Usando il metodo della derivata logaritmica possiamo descrivere in modo coerente l’andamento di I(t) nel corso degli ultimi mesi in funzione di R*(t): risulta anche piuttosto semplice estrapolare l’andamento di I(t) assumendo che la tendenza alla decrescita di R*(t) continui nelle prossime settimane. Essendo R*(t) ricavato direttamente dai dati non è affetto dalla significativa forchetta di errore come nel caso in cui venga determinato usando un modello probabilistico.
Considerata la dispersione che si ottiene nel calcolo di R(t) con i vari metodi statistici e l’importanza di avere un algoritmo condiviso, si potrebbe considerare di usare R*(t), fermo restando che è necessario approfondire l’errore sistematico indotto dal semplice algoritmo utilizzato: la coerenza con il calcolo EpiEstim suggerisce però che questo errore non dovrebbe essere grande.

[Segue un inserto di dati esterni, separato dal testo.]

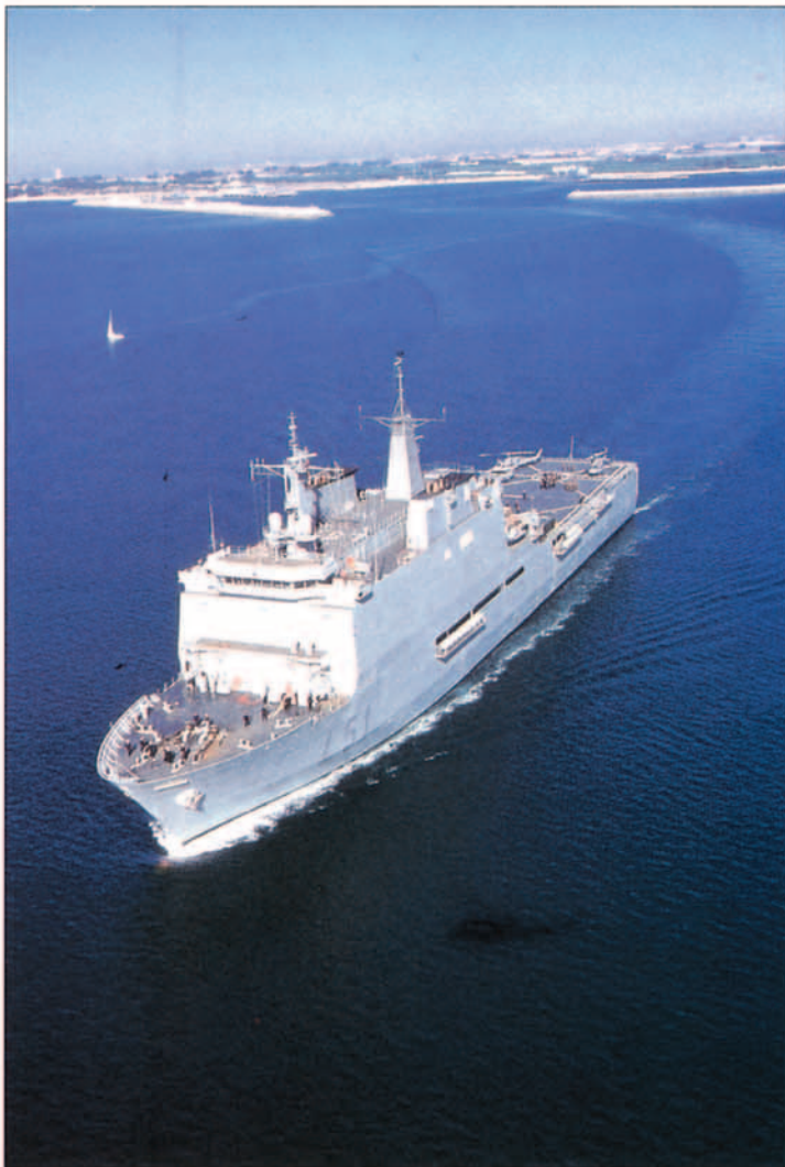
El buque "Galicia", al igual que otros medios de nuestras FAS, ha contribuido en la rápida respuesta de nuestro país ante la catástrofe producida por el huracán "Mitch" en países centroamericanos.

fensa internacionales, contribuyendo a elevar el prestigio de España y de sus Fuerzas Armadas. Continuamos de forma muy activa en misiones de Naciones Unidas en Guatemala (MINUGUA) y Angola (MONUA), en misiones de la OSCE en Georgia, Moldavia y Kosovo y en misiones de la Unión Europea en la ex-Yugoslavia (ECMMY).

Questo modo empirico di calcolare di R(t) risulta infatti trasparente, rapido e auto-consistente permettendo di determinare l’andamento nel tempo di un parametro fondamentale per capire l’andamento dell’ epidemia, sia in Italia che nelle singole regioni, come illustrato nella seguente figura.
Fonte: https://www.robertobattiston.it
Note
[1] Cori A, Ferguson NM, Fraser C, Cauchemez S. A new framework and software to estimate time-varying reproduction numbers during epidemics. Am J Epidemiol. 2013;178(9):1505-1512. doi:10.1093/aje/kwt133
[2] D Cereda, M Tirani, F Rovida, V Demicheli, M Ajelli, P Poletti, F Trentini, G Guzzetta, V Marziano, A Barone, M Magoni, S Deandrea, G Diurno, M Lombardo, M Faccini, A Pan, R Bruno, E Pariani, G Grasselli, A Piatti, M Gramegna, F Baldanti, A Melegaro, S Merler. The early phase of the COVID-19 outbreak in Lombardy, Italy. ArXiv:2003.09320v1, 2020.